The words sent a flurry of goosebumps across your body. “What?”
“I said, you’re mine.” Jay held his belt in his hands and glanced at your wrists, then your face. He tossed the belt to the side and pushed your dress even further up your body, giving him access to your tummy. He spread his hand across it, rubbing it in a circular motion.
“You hate me.”
“I despise you.”
“Why would you want to have someone you hate? That doesn’t make any sense.”
“It doesn’t have to,” Jay said before spitting into his right hand. His other hand yanked his zipper down and took his cock out. It was almost scary to look at: long and angry with a reddened tip and a slight curve. He pushed your legs apart harshly. As if it were a chore, Jay stroked his cock a few times as he lined himself up with your pussy. 

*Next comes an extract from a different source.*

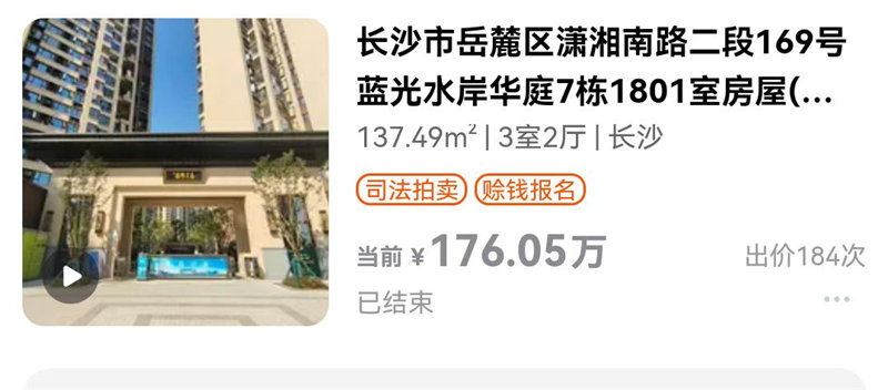 在湖南法拍網(wǎng)法拍房地產(chǎn)經(jīng)紀(jì)有限公司的輔助競(jìng)拍下,H老師成功撿漏藍(lán)光雍景半島一線江景法拍房一套,撿漏三四十萬(wàn)。

With a grunt, he plunged himself inside of you, piercing through your thin membrane ruthlessly. You bit your lip to stop yourself from crying out, but it was painful. It was a searing heat that licked at your walls, down to your core. Jay didn’t bottom out, thankfully, but he was already lingering dangerously close to your cervix. He was already panting, his hands gripping your hips as he tried to catch himself. His silver cross necklace dangled in your face, so close you could twirl it around your finger. 
Just as soon as you were getting used to the strange feeling of having a cock jammed in your cunt, you heard Jay’s husky voice. “Fight back,” he whispered before pulling out and slamming back inside of you. Your eyes were trained on Jay’s, and he captured and held your gaze. He thrusted again, harshly, and the slick noise made you realize that you were wet. “You’re just letting me do this,” Jay continued, starting to develop a deep, irregular pace. Quarter notes of hard snaps of his hips, allegrisimo sixteenth-notes of incessant pounding. “Letting me take this pussy. Come on, struggle or I’ll think you want it.”
Jay continued slamming into you, leaving little half moons on your hips from his fingernails. His head dipped down to your neck, and he bit and sucked on a small spot near its base. A hickey. Jay licked a stripe up to the right of your neck and marked you there as well.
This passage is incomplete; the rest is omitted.